Nikolas Bowie, Harvard Law School, has posted The Constitutional Right of Local Self-Government, which is forthcoming in the Yale Law Journal:
The Assembly Clause is the ugly duckling of the First Amendment. Brooding in the shadow of the heralded Free Speech Clause and the venerated Religion Clauses, the Assembly Clause has been described even by its advocates as “forgotten,” a “historical footnote in American political theory and law.” The clause protects “the right of the people peaceably to assemble” — a phrase the Supreme Court has interpreted only once over the past fifty years despite issuing hundreds of opinions interpreting its First Amendment siblings. From the moment it was included in the proposed federal bill of rights, observers have questioned who would bother turning to the Assembly Clause for assistance given the First Amendment’s other protections of free expression.
This paper offers a surprising answer: local governments.

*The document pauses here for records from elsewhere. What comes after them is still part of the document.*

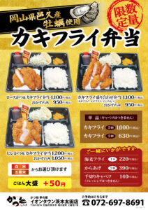 かつ処季の屋イオンタウン茨木太田店では、店内メニューでご好評いただいている『牡蠣フライ~岡山県邑久産~』を、このたびお弁当メニューもご用意しました。
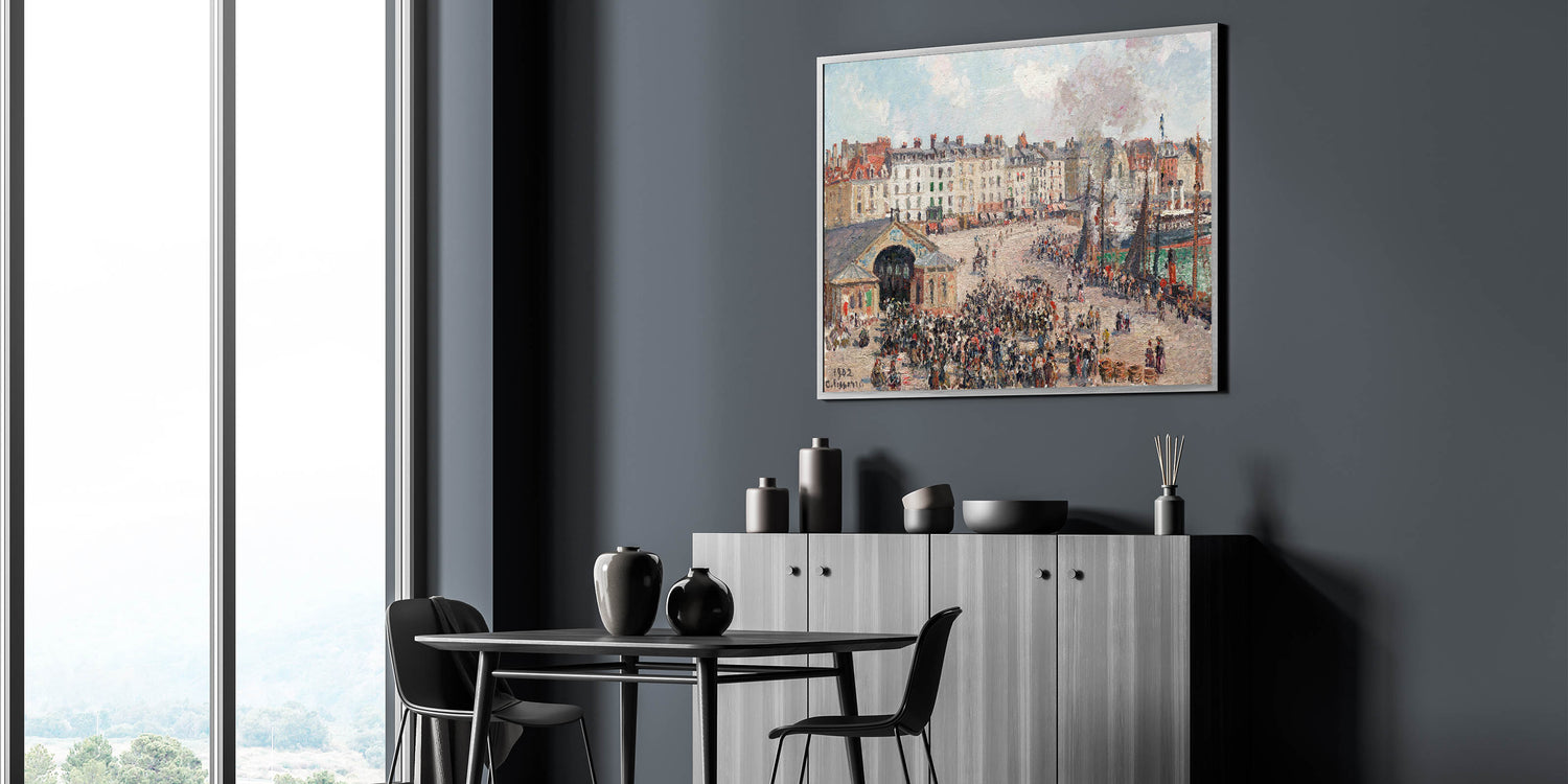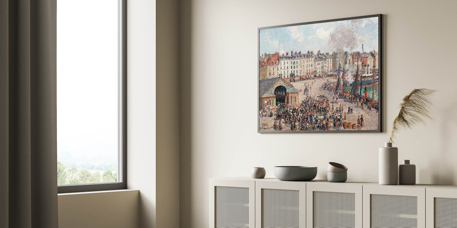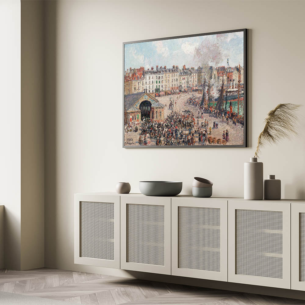 Experience the bustling energy of city life with Camille Pissarro’s Market Square (1902), a dynamic example of impressionist art that captures the lively atmosphere of a busy town square. The crowded market, vibrant buildings, and docked boats combine to create a vivid portrayal of urban life in France. Pissarro’s mastery of light and texture is evident in every detail, from the movement of the people to the soft, pastel-colored facades of the surrounding buildings. This artistic masterpiece brings the charm of a classic French cityscape into your home.
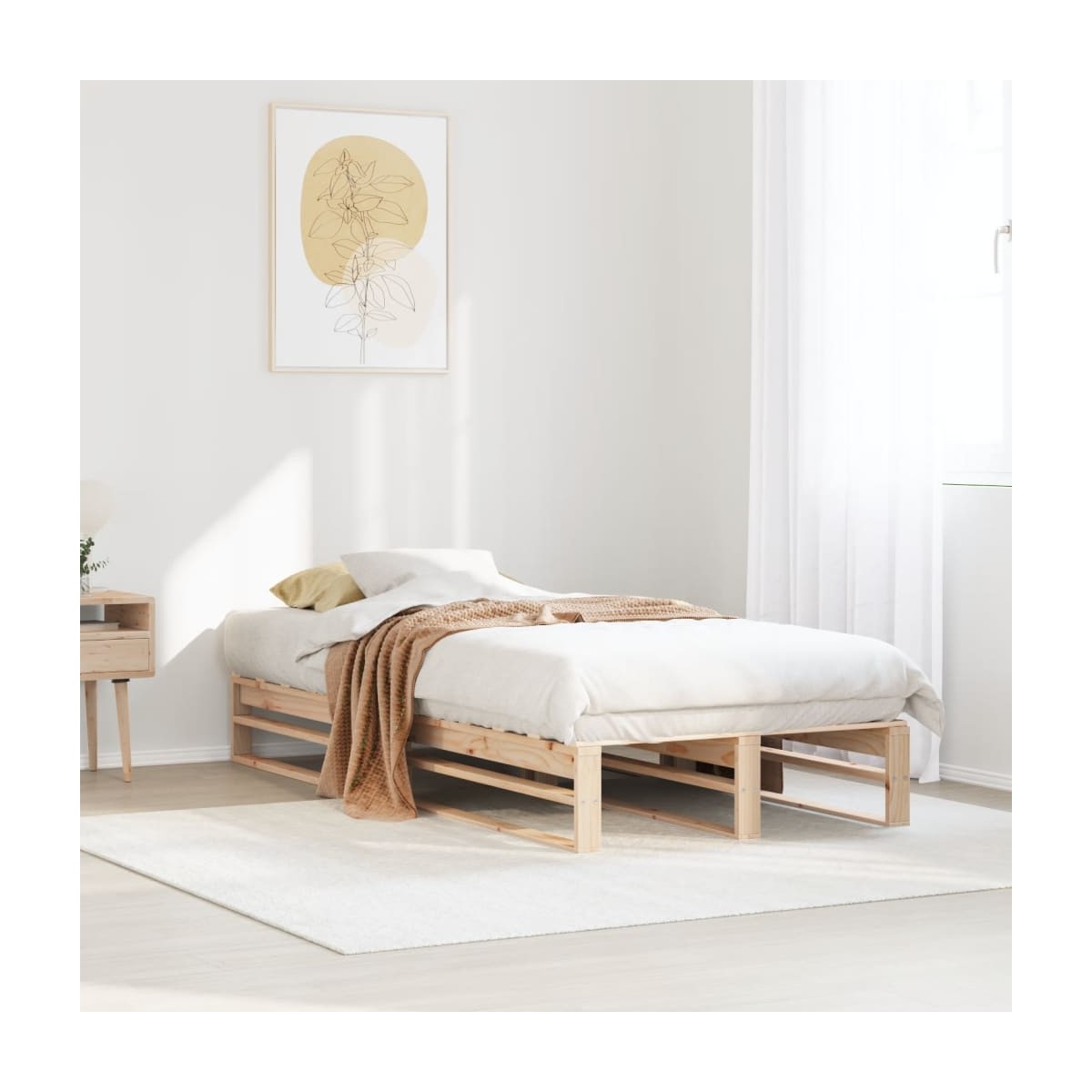 Añade un toque moderno a tu dormitorio con esta estructura de cama de madera clásico. Es un aporte práctico y decorativo para tu decoración. Estructura estable y duradera: La madera de pino maciza es conocida por su resistencia y durabilidad. Sus vetas rectas y sus característicos nudos contribuyen a su encanto rústico.Estructura robusta y estable: La estructura de madera garantiza su solidez y estabilidad.Listones robustos: Los listones de madera contrachapada proporcionan una buena distribución del peso, lo que garantiza que el colchón se mantenga en su sitio con cada giro y vuelta del cuerpo mientras duermes. Información útil:El colchón no está incluido con la cama. Disponemos de una variada selección de colchones. Puedes echar un vistazo a nuestra tienda para buscar el colchón correspondiente.
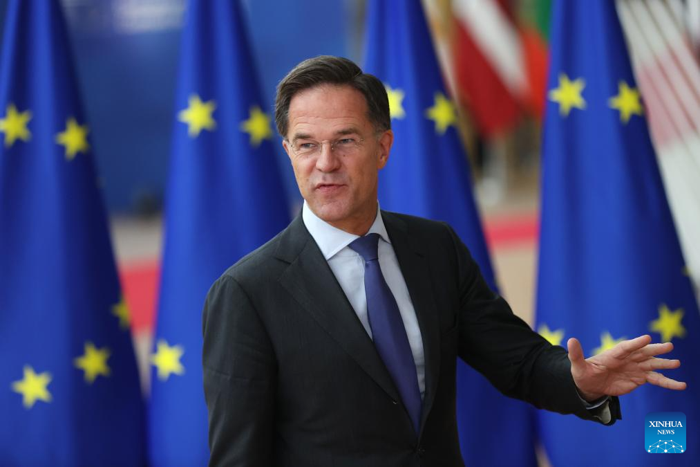 Dutch Prime Minister Mark Rutte arrives for the EU summit in Brussels, Belgium, on Oct. 26, 2023. European Union (EU) leaders meet here on Thursday and Friday in a planned European Council summit, focusing on the conflicts between Israel and Hamas and between Ukraine and Russia. (Xinhua/Zhao Dingzhe)
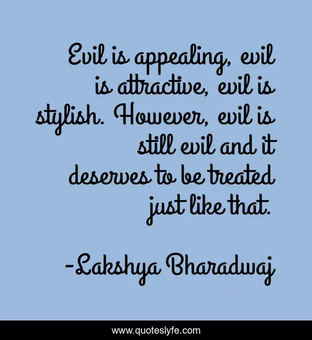This page presents the quote "Evil is appealing, evil is attractive, evil is stylish. However, evil is still evil and it deserves to be treated just like that.". Author of this quote is Lakshya Bharadwaj. This quote is about reality-of-life, treating-others, attractiveness, life, evil, reality, appealing,.
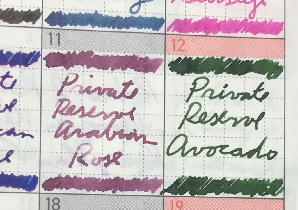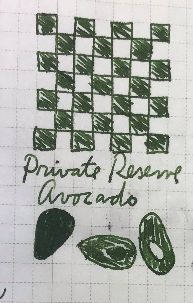 another ink with nice shading, suggesting both the rind of the avocado in its darker shade and the meat in its lighter. This would be an office-appropriate non blue or black ink, in my opinion.
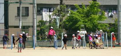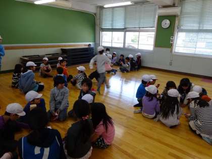 毎週水曜日、2・3時間目の間の休み時間に、キッズチームでたてわり遊びをしています。今日、早速第1回目のキッズタイム。リーダーが下級生をリードして運動場・講堂・教室に分かれて活動しました。
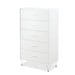 This beautiful Deoss chest of drawers boasts of contemporary style, five drawers with metal drawer handles. Crafted with multi shades of wood, the raw wood texture enhances this dresser's sleek style and the drawers provide plenty of storage space for clothes and more.

After describing the historical context in which the “right to assemble” was first expressed, it argues that the right could be interpreted not as a narrow right of self-expression but rather as a broad right of self-government.
In the decade preceding the American Revolution, advocates of “the right to assemble” used the phrase in response to attempts by royal and parliamentary officials to subordinate their town meetings and colonial legislatures — or, in the language of the day, to subordinate their local and general “assemblies.” This subordination came in various forms: Parliament passed laws disempowering New York’s general assembly until it enacted certain legislation; Parliament censured and then banned town meetings in Massachusetts from debating international affairs; and governors up and down the continent dissolved, changed the location of, and otherwise coerced general and local assemblies into repealing legislation they regarded as seditious. In response, town officials and colonial representatives complained that all local governments have the inherent right to consult their constituents and seek a redress of their grievances, whether by enacting laws with their constituents’ consent or by petitioning other governments for their assistance. For example, in response to Parliament’s ban on town meetings in Massachusetts, a convention of town representatives resolved that “every people have an absolute right of meeting together to consult upon common grievances, and to petition, remonstrate, and use every legal method for their removal.” A representative of Pennsylvania’s general assembly proposed that the Continental Congress resolve “[t]hat for Redress of all Grievances, and for the amending, strengthening, and preserving of the Laws, Assemblies ought to be held in each of these Colonies frequently . . . . And, that every Dissolution of an Assembly within these Colonies . . . has been arbitrary, and oppressive.” Perhaps unsurprisingly, two of the first three states to adopt assembly clauses in their state constitutions were Pennsylvania in 1776 and Massachusetts in 1780.
The historical context of the assembly clause’s origins suggest that the clause has been interpreted far too narrowly. Once the clause is understood as protecting not only the informal expressions of conventions, marches, and gatherings but also the formal decisions of local governments, the state and federal assembly clauses look like an important, “forgotten" limit on one government’s power to subordinate another.